To identify active neuromuscular junctions, biceps muscles were removed from both forepaws by cutting their tendons. This tissue was immediately postfixed in 4% paraformaldehyde at 4°C for 90 minutes, washed in 3 sucrose-graded solutions in a 0.1 mol/L phosphate buffer at 4°C, and frozen by submersion into 2-methylbutane cooled in liquid nitrogen (−160°C). Serial longitudinal sections 20-µm thick (n = 20) were cut and stained with bromoindoxyl acetate (Sigma). Biceps muscles from WT and LXRβ−/− mice were analyzed at ages 3, 10, and 24 months (6 per group). The counting was performed with the Tissue Quest system as previously described.

Free cholesterol was stained by Filipin III (5 μg/mL; Sigma), as previously reported (19). To investigate the presence of cholesterol in neurons, spinal cord sections 25-μm thick were processed with 530/615 NeuroTrace fluorescent Nissl reagent (1:1000; Molecular Probes) and Filipin III in 10 spinal cord sections/mouse; 4 animals for each group at the 3 ages (3, 10, and 24 months) were used. For each section, 2 fields corresponding to the Lamina IX of right and left ventral horns were sampled. Each field sampled was a rectangle measuring 512 μm × 376 μm. Olympus-DB software, coupled to the camera of microscope, was used to perform the counting of neurons stained with Filipin III.

Statistical Analysis

All data were expressed as mean ± SD. Two-way analysis of variance (ANOVA), repeated measures, with Bonferroni post-test analysis, was used for studying the interaction between the 2 groups during clinical observation and to compare the trend of behavioral trials at any single point. To evaluate the influence of time for each group, 1-way ANOVA test was used. Linear regression analysis was used to determine if the slope of body weight differed between the 2 experimental groups. Numbers of motor neurons and levels of proinflammatory cytokines were analyzed by the unpaired Student t-test. Values of p ≤ 0.05 were considered significant. All statistical analyses were done using the GraphPad Prism version 4.00 for Windows (GraphPad Software, San Diego, CA).


LXRβ−/− Mice Have Progressively Impaired Neuromuscular Function

No differences in body weight were found between LXRβ−/− mice and WT mice at 3 months of age (26.3 ± 1.3 g vs 24.9 ± 0.9 g, respectively). At the beginning of the behavioral observations (27th week), the weights of LXRβ−/− mice were significantly lower than those of WT mice (32.6 ± 1.2 g vs 35.4 ± 0.8 g, ***p < 0.0001) (Fig. 1A). The LXRβ−/− mice did not gain weight during the study, whereas the weight gain over time was significant in WT mice (1-way ANOVA, p < 0.0001). The body weight difference between LXRβ−/− and WT mice was highly significant (2-way ANOVA, p < 0.0001).

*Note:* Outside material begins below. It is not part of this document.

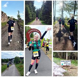 Mit einer 3-monatigen Vorbereitungszeit startete Sarah Schwarzer als eine von insgesamt 17.000 Teilnehmern beim 52. GuthsMuths-Rennsteiglauf der größte Landschaftslauf Europas. Als Läuferin des Supermarathons fiel der Startschuss 6:00 Uhr auf dem Marktplatz in Eisenach. Ziel war es, Schmiedefeld zu erreichen, wobei es hier 73,9 km und 1800 Höhenmeter zu bewältigen gab. Bereits 2021 und 2022 nahm Sarah am Marathon und 2023 am Supermarathon teil. Als eine von 1700 Läufern schaffte sie es nach 9:36:40 als 164. Frau ins Ziel. Was für eine beeindruckende Leistung.
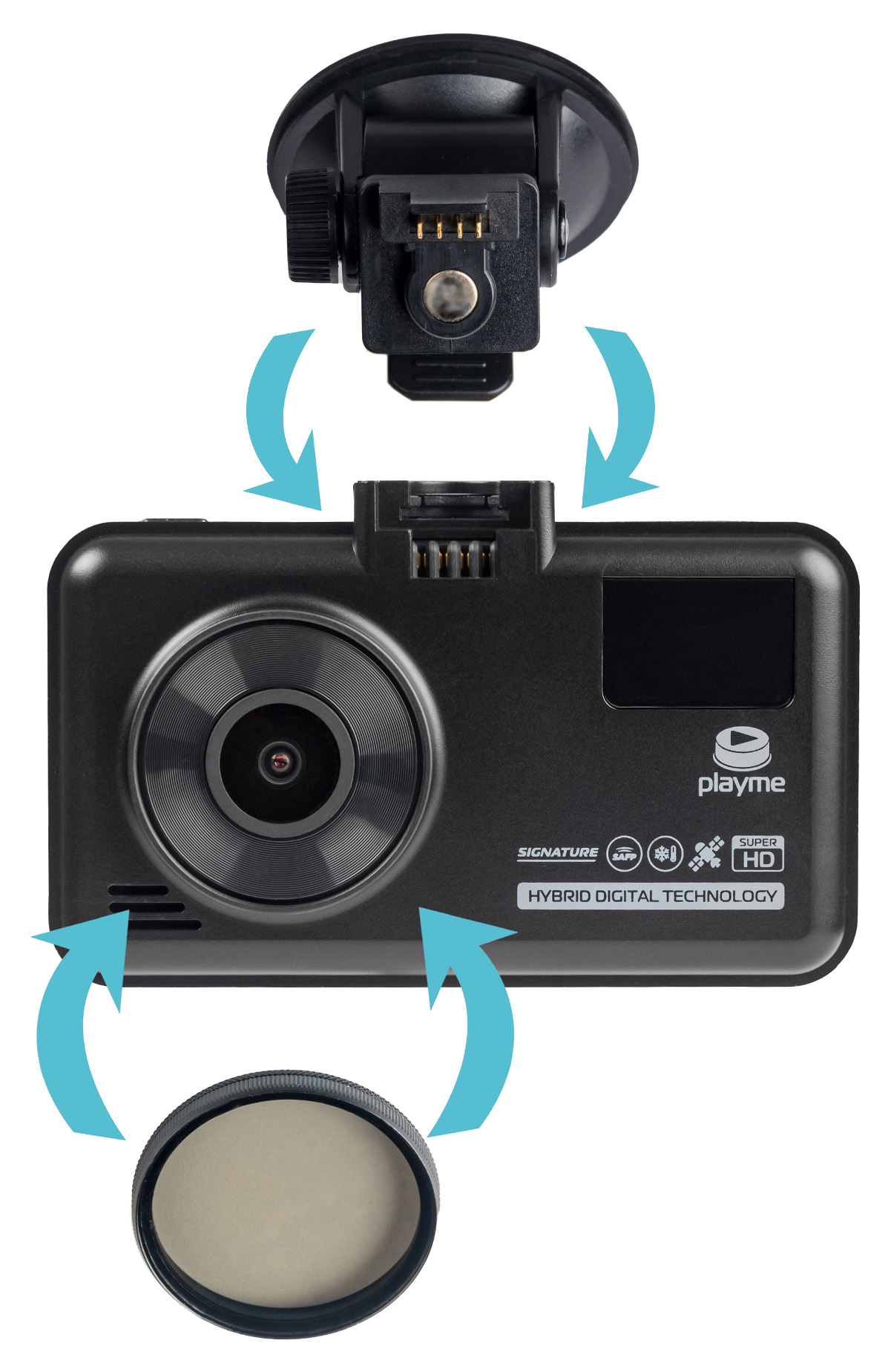 | Особенности | Поляризационный CPL-фильтр для устранения бликов, обновления базы данных и прошивки через смартфон, устойчив к низким температурам, режим SMART для автоматического изменения чувствительности радар-детектора, система фильтрации помех SAFP для комфортной езды |

At 3 weeks after initiation of the training period, both LXRβ−/− and WT mice were able to complete the performance test. From the 27th to the 45th week, there were no significant differences between LXRβ−/− and WT mice (Fig. 1B). Thereafter, LXRβ−/− mice showed markedly reduced performance, as determined by the time spent on the rotating bar from 179 seconds recorded at the 45th week to 50 seconds at the 100th week. The impaired motor function affecting LXRβ−/− mice was further confirmed by running time tests: LXRβ−/− mice worsened their performances, whereas WT mice showed a mild trend toward improvement in the first phase of observation (Fig. 1C). At the end point, performance was significantly worse in LXRβ−/− than in WT mice (WT, 2.96 ± 0.16 seconds; LXRβ−/−, 5.83 ± 0.20 seconds; ***p < 0.0001).

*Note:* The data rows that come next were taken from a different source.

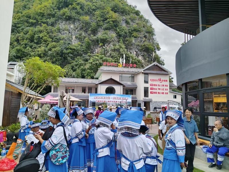 在万峰林、峰林布依、马岭河峡谷等景区,布依族“八音坐唱”、苗族“板凳舞”、彝族“阿妹戚托”等民族歌舞随处可见,常态化表演,蜡染、扎染、木雕、手工艺等非遗代表性项目传承人现场展示技艺。游客情不自禁加入到跳舞行列,亲手制作民族工艺品,沉浸式体验浓郁的民族文化气息,共同融汇成你中有我、我中有你,多元一体、不可分割的命运共同体。
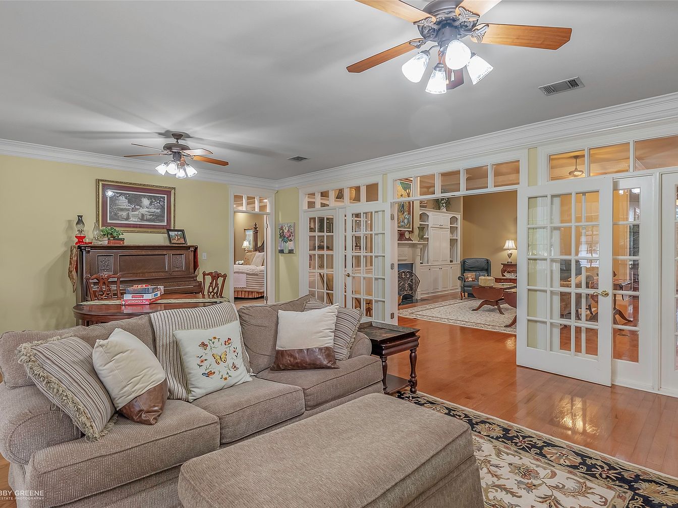 This inviting living room combines comfort and elegance, featuring a spacious layout enhanced by natural light. The soft yellow walls create a warm ambiance, complemented by a plush sectional sofa adorned with decorative cushions. A vintage piano adds a musical touch, enticing family gatherings. Beautifully designed French doors connect to other areas, promoting an airy flow throughout. Rich hardwood floors offer a classic appeal, while a patterned rug anchors the seating area. Nearby, tasteful artwork and plants add character, fostering a cozy, family-friendly atmosphere perfect for relaxation and entertaining. Thoughtful design elements make this space truly welcoming.
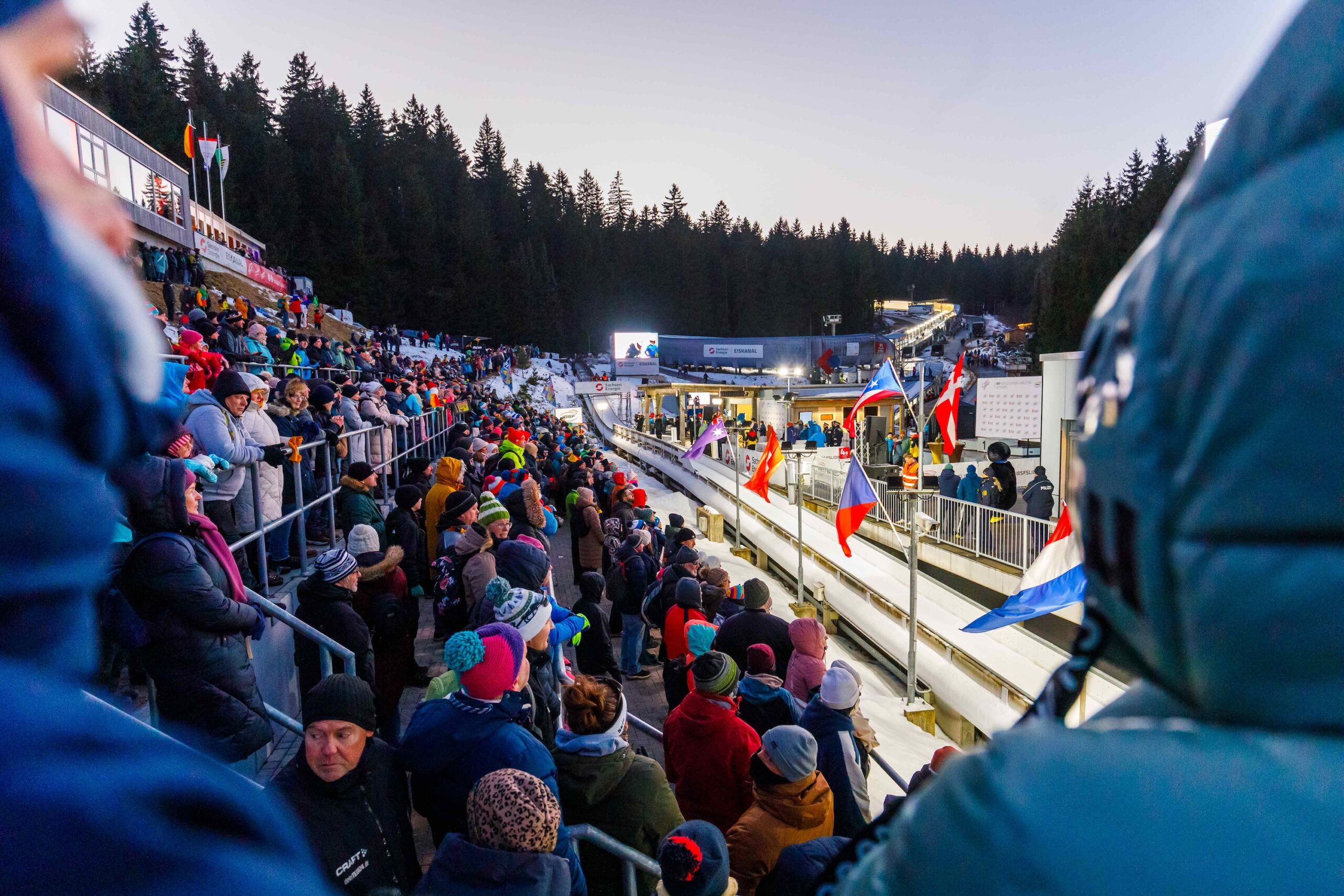 Spannung und Emotion pur: Insgesamt 7500 Zuschauer beim Finale zum IBSF Bob + Skeleton Weltcup 2025/2026 am SachsenEnergie-Eiskanal Altenberg

Grip strength performances in WT mice progressively increased during the first phase of behavioral observations (115 g at the 30th week to 144 g at the 60th week), whereas scores in LXRβ−/− mice were markedly reduced, that is, from 115 to 79 g during the same time range (Fig. 1D). In the second half of the behavioral tests, both LXRβ−/− and WT mice reduced their performances, but a significant difference persisted between the groups until the end point of the study (WT, 101 ± 3.0 g; LXRβ−/−, 48 ± 2.2 g; ***p < 0.0001). In contrast to other models of neurodegenerative diseases, LXRβ−/− mice did not show alteration of the paw position throughout the whole duration of the study.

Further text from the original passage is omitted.